As you can imagine having a child with disabilities is very overwhelming. You have your family/friends and even strangers you meet telling you to see this specialist or that doctor or try this therapy. With the cost of insurance, co-pays, time away from work, loss of work, doing every recommendation is almost impossible. We listened and researched every advice given to us.
Gianna's neurologist at the time didn't really think Gianna had any future. He told us to "go home and focus our attention on having another child". "the possibility of children with this severity of seizures usually don't make it past age 2 and we are lucky if she would make it till age 5". We don't know why doctors do this, try to bring parents down at our lowest point. Looking back now, he probably was just trying to be honest and this was his bedside manner of fact. We have always believed that just because it is or isn't in a text book, doesn't mean it is or isn't possible. New theories/advances and new explorations of the brain are being discovered that were once thought impossible. We have never stopped believing in Gianna. She is always surprising us. Gianna is amazing, strong and believes she can too.
CDG (Congenital Disorders of Glycosylation) is a genetic metabolic disorder caused by defective synthesis of N-linked oligosaccharides. Incorrect synthesis affects the overall biologic functions for every cell stability and communication. The subtype and severity varies from child to child. CDG is caused by defects any one of 100’s of genes used to make or add sugar chains on many thousands of proteins in the body. Without these sugar chains the proteins don’t work normally. Even children with the same type can have different appearances and severity, and that makes it hard for doctors to recognize.
Click to learn about CDG:
When Gianna was a born, we didn't know she had any problems. Gianna was a normal delivery, attentive to voices and had no feeding problems the day she was born. Before being released from the hospital, a routine Hep B shot was given. (2 days old). The following day, she wouldn't eat/latch on, and would not stop crying. The Doctor told us she had mild jaundice and a colicky baby. The doctors gave us Zantac, and told us she had GERD. Within the next 5 months, we were in/out of the doctor’s office due to reflux/gerd, constant crying/colicky and feeding issues.

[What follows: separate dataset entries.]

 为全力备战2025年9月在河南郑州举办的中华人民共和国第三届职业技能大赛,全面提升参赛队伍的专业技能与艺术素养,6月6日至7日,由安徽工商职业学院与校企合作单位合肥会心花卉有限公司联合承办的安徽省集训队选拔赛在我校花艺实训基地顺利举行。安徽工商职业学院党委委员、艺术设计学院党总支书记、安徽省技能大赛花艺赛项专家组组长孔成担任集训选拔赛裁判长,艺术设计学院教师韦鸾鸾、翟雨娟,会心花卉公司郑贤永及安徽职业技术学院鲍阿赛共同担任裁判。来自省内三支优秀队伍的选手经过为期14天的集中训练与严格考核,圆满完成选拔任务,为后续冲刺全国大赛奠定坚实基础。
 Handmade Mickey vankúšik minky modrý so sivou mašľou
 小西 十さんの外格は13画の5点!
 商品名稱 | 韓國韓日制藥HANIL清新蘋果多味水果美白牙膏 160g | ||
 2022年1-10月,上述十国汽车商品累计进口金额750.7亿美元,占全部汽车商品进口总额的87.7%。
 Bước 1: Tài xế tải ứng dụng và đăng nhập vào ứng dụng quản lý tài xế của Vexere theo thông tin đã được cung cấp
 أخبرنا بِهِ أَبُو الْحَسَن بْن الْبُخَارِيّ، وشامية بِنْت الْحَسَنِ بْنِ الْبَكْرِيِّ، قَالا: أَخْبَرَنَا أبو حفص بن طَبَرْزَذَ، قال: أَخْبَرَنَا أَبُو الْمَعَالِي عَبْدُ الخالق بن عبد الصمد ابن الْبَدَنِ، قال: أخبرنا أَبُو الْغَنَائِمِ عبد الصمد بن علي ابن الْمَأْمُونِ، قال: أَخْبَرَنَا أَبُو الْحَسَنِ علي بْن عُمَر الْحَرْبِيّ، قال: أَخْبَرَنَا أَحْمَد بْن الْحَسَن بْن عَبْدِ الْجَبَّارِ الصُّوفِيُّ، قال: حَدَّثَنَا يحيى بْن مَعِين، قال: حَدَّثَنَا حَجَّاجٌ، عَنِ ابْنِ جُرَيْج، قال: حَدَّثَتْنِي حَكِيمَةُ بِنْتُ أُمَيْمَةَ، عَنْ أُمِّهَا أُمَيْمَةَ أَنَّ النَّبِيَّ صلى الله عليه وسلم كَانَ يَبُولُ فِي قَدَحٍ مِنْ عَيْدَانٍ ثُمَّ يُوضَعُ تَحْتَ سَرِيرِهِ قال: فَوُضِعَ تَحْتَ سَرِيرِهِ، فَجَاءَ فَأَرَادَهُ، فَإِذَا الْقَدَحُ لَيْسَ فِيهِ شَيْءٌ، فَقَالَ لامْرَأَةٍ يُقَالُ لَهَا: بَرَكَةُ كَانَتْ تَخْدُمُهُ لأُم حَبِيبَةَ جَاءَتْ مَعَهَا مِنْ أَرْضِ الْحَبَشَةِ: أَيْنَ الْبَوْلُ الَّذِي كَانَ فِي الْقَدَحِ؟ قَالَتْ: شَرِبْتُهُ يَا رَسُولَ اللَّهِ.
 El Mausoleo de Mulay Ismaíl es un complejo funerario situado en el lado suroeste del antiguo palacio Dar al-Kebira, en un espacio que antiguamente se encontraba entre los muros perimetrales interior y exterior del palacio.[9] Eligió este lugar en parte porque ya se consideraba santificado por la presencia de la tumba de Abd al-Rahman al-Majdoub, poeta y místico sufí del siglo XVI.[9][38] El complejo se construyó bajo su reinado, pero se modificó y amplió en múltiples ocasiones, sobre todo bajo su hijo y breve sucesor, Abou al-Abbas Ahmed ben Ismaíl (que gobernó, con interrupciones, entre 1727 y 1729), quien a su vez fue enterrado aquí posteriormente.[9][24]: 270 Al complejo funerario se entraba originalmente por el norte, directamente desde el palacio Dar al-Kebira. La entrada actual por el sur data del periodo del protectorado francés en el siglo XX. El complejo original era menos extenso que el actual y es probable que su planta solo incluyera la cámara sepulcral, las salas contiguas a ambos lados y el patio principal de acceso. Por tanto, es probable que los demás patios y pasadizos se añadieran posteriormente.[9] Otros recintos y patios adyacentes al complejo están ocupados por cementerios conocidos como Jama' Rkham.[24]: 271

Gianna's onset of seizures started immediately after her first set of immunizations shots at 2 months old. That was when the eye rolling started. The twitching began after the 2nd set (4 months) and she had her first grand-mal seizure. The ER said it was febrile. The 3rd set (6 months), the grad-mal began to become frequent. Gianna was in/out of the hospital every few weeks from uncontrolled seizures and pneumonia due to aspiration issues. Gianna was diagnosed with epilepsy at 6 months old and was given Phenobarbital. She had difficulty swallowing and couldn't handle her own saliva. We had to suction her constantly to avoid aspiration pneumonia. Gianna lost all head control, didn't reach for toys, hands were always clenched into fist, and stopped rolling on the floor. Gianna's pediatrician was concerned because her arms were continuously in extension and she no longer showed any eye contact.

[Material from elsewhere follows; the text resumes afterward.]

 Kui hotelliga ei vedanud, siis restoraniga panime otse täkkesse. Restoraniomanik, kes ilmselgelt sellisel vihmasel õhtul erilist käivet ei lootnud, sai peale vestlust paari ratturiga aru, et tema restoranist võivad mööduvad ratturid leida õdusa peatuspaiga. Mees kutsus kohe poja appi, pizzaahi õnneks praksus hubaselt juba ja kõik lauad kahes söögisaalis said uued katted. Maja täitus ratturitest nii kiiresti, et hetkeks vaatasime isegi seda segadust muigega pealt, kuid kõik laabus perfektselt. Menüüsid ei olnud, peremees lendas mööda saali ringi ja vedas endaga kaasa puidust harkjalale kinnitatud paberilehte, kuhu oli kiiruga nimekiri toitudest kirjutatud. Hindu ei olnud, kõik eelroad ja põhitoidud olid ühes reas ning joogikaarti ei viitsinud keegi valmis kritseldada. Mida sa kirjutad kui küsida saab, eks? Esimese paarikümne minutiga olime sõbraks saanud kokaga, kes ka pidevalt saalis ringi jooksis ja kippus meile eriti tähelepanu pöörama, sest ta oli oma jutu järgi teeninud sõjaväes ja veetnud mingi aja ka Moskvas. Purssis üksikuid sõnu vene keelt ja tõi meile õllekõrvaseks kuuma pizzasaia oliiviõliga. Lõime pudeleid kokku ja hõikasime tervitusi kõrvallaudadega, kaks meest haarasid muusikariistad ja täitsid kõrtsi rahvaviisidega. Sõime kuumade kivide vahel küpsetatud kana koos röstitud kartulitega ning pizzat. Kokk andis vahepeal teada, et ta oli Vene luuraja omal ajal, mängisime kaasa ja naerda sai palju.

At 10 months, she was fed only by G-tube, had a variety of seizures lasting 30 seconds to 5 minutes up to 100++ seizures a day and would become lethargic after each seizure. Any body stress such as illness, over-tired and even temperature change would increase her seizure activity. Gianna was shown to have a broad range of seizures all over the brain. The majority of her seizures were a-typical absence associated with Lennox Gastaut Syndrome (LGS). We went to every specialist imaginable with no luck finding an underlining diagnosis. Since Gianna didn’t show any characteristics of any known metabolic disorder, they suspected that she created her own disorder unique to her. Gianna had severe developmental delay, could not eat by mouth due to aspiration issues, subject to re-occurring illness, hypotonic, reflux, would not use her hands, did not give you eye contact and had no head control. Doctors told us that Gianna would never be “normal” and most likely would not live past 5. At age 1, we switched pediatricians and discontinued her vaccinations. Although we know today that the vaccination shots were not the cause of her disorder, we feel that it contributed to the severity.

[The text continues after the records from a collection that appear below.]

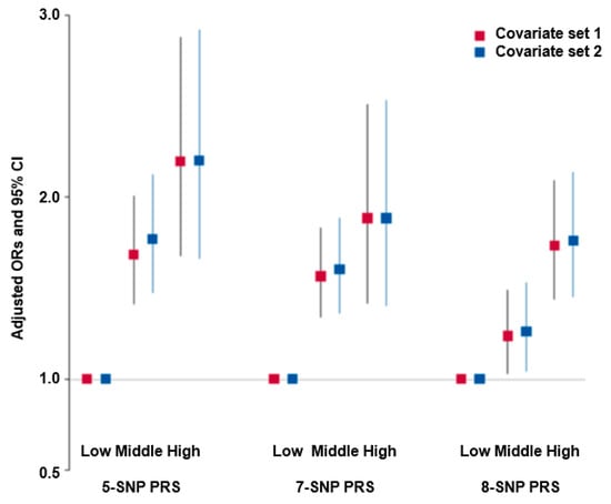 Adjusted odds ratio (ORs) and 95% confidence intervals (CI) of the 5-, 7-, and 8-SNP PRS for COPD risk. PRS was generated with the sum of the number of risk alleles in each SNP and was classified into low-PRS, middle-PRS, and high-PRS according to the ranges of ≤4, 5–6, and ≥7 in the five-SNP model, 0–6, 7–8, and ≥9 in the seven-SNP model, and 0–7, 8–9, and ≥10, respectively. The covariates of set 1 were age, gender, body mass index, education, income, and residence area. Group 2 included those in set 1 plus energy intake, work-related chemicals and dust, asthma medication, exercise, alcohol drinking, and smoking.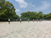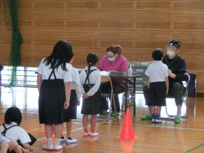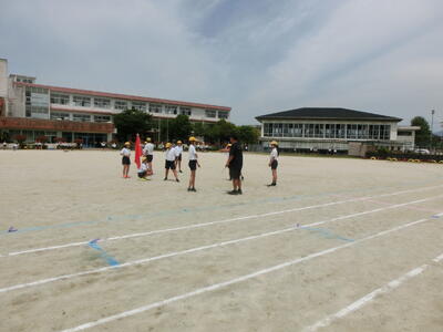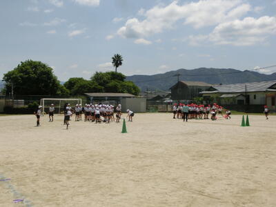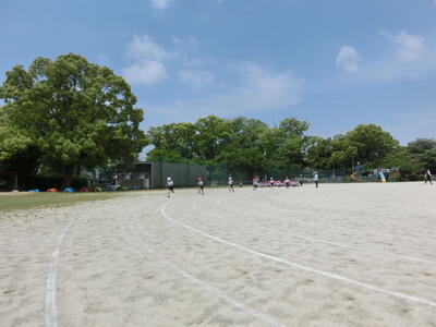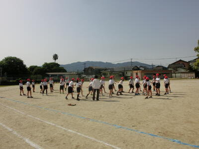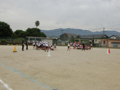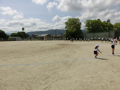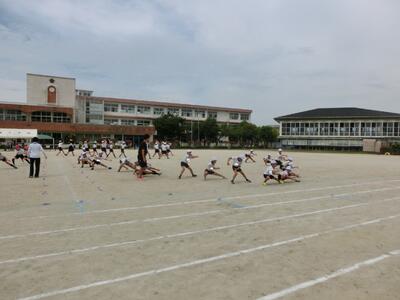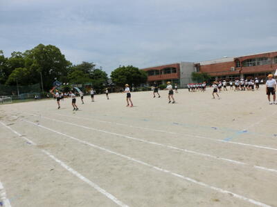 5年生の体育の様子です。リレーのバトンパスを練習していました。「はいっ」「はいっ」元気な声が運動場に響き、とても気持ちのよい一コマでした。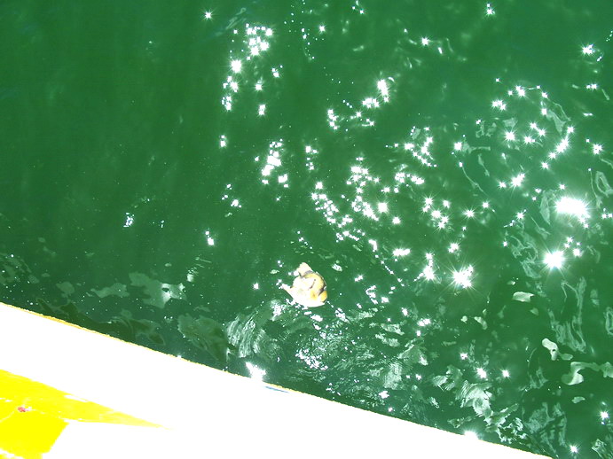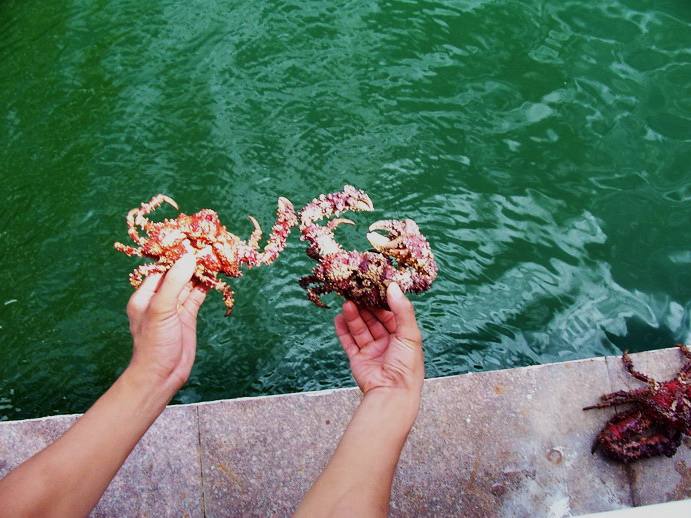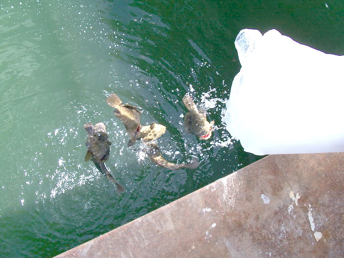 ----到凤凰岛后和保安兄弟商量直接开道码头的平台上,到放生时候将军们个个还是精神饱满,神气十足,入水动作也十分标准,如同炮弹鱼雷。估计难度达到8.0以上,且无水花----建议国家跳水队也来学习学习。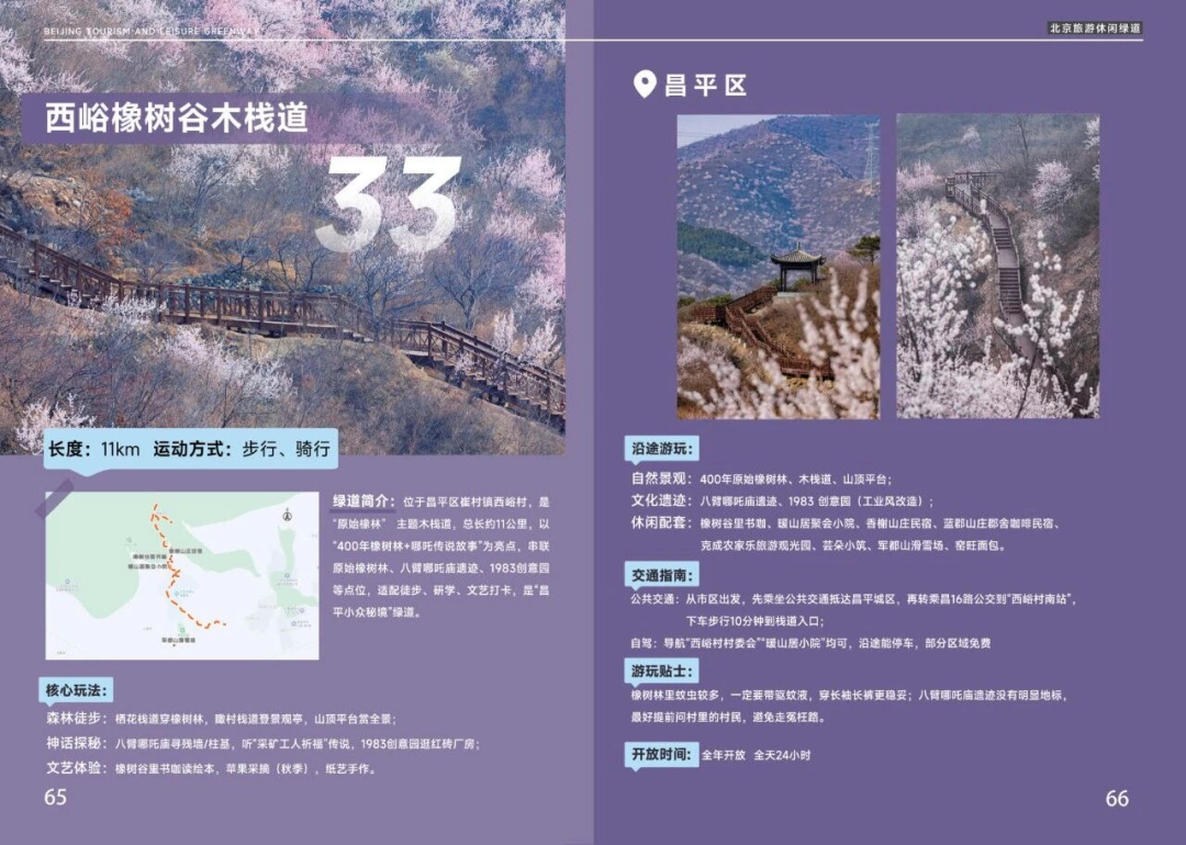 北京市文旅局首批52条旅游休闲绿道评选结果近日出炉,昌平区共有四条绿道成功入选,分别为延寿径步道“望湖段”、溜石港观光木栈道、西峪橡树谷木栈道与白浮泉公园绿道。四条绿道各有特色,兼具生态景观、休闲体验与文化内涵,成为昌平区文旅融合发展的又一亮眼名片,也为市民休闲出游增添了全新选择。

At 1 ½ years old, we were still on a mission to find her diagnosis. We think having this mission helped our healing process of getting through knowing our little girl wasn’t getting better and might not make it. Due to Gianna's swallowing issues, we only fed her during Vital Stim therapy. Vital Stim is a non-invasive external electrical stimulation therapy to help muscle strengthening and swallowing. It was during this feeding time, we noticed when we gave Gianna foods high in carbohydrates/sugars, she would have these larger, longer tonic clonic seizures where she would turn blue. As parents, we felt she had to have an underlining condition where she couldn't process these types of foods. With the help of her Metabolic Doctor, this finally led us to the Diagnosis of CDG. At age 2 1/2, Gianna was diagnosed with CDG. (Congenital Disorders of Glycosylation) Type 1/subtype unknown. Age 8, Gianna was Diagnosed with CDG1k (subtype k).